I’ve just had a fresh batch of this, after being without it for some time, and I’m just drinking my first mug – a well-heaped teaspoon brewed for four minutes, boiling water.
It isn’t really much different to my last tasting notes except that, where I wrote of the taste of warm butter, I now think that element is better described as a touch of toffee.
It’s just as excellent as the last batch and really is one of my three, possibly four, all-time favourites.
Incidentally, I’ve edited the dealer information above but I don’t know how to edit the name of tea – it should be ‘Natela’ with an ‘e’.
I can’t resist writing another note on this. The last one was on a small sample I had and I liked it so much that when the site got more in stock I ordered a couple of hundred grammes. This is my first mug of that order.

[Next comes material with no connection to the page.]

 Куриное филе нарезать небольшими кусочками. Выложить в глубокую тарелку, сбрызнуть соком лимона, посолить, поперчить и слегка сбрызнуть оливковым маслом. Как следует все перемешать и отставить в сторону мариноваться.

I used a well-heaped teaspoon. This is difficult to judge as it’s very light and long and straggly (I doubt I could get a 100gms of it in one of my 200gms caddies) and difficult to spoon out; but I put in what looked like a good spoonful and added a little more to be on the safe side. I steeped with boiling water for three minutes.

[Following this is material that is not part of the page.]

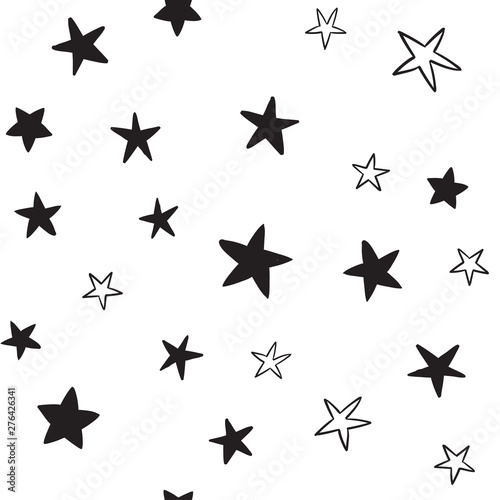 © Matias, Obraz premium Star doodles seamless pattern. Hand drawn stars texture background.

It’s an intense but clear brown-orange in the mug with quite a difficult-to-pin-down aroma. I think I get warm butter (as on your hot toast), cooked cauliflower, a metallic tinge and, possibly, nettles.
The flavour has good basic tea in it. It has a warm, round element which has touches of rum, liquorice and the smell of loose tobacco to it – something in the middle of those three, say – and the buttery element again, giving a pleasant ‘smoothness’. All this warmth and smoothness is balance by a slight, invigorating ‘bite’, something like the smell of nettles but more fruity – perhaps half-way between the smell of nettles and the taste of oranges.
I know everyone’s taste is different, but I really can’t praise this highly enough – it’s really captivated me.